*Task to carry out*
Return exactly those lines of the material below that fall between the line holding "3 D Plan für" and the line holding "全自動迷你洗衣機 7L大容量 洗脫一體 臭氧殺菌 銀離子/藍光抑菌 附進出水管", inclusive.

*Raw data*
======
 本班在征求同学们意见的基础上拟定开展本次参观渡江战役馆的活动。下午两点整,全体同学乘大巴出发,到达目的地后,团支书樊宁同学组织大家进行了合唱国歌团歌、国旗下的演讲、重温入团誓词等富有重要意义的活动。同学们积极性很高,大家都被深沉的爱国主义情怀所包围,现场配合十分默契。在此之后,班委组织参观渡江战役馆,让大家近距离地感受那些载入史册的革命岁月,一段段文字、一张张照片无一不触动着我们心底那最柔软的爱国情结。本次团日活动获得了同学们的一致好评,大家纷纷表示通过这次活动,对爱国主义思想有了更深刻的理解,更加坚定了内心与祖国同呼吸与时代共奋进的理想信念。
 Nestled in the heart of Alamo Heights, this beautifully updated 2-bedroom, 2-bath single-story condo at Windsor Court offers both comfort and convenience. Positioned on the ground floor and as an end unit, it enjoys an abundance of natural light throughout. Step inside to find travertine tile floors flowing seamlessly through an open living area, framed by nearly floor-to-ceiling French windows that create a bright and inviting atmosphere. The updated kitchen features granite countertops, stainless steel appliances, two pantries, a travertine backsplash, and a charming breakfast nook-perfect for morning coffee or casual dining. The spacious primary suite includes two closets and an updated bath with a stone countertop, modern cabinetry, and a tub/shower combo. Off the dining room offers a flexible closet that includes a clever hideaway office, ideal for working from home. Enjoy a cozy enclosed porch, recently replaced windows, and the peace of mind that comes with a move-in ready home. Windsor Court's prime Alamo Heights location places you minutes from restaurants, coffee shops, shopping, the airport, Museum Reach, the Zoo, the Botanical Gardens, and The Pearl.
======
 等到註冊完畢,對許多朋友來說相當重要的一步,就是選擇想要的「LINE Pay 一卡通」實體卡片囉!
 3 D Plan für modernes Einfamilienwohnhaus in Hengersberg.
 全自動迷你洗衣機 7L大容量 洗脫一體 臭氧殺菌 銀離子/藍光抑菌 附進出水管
======
*Task answer*
 3 D Plan für modernes Einfamilienwohnhaus in Hengersberg.
 全自動迷你洗衣機 7L大容量 洗脫一體 臭氧殺菌 銀離子/藍光抑菌 附進出水管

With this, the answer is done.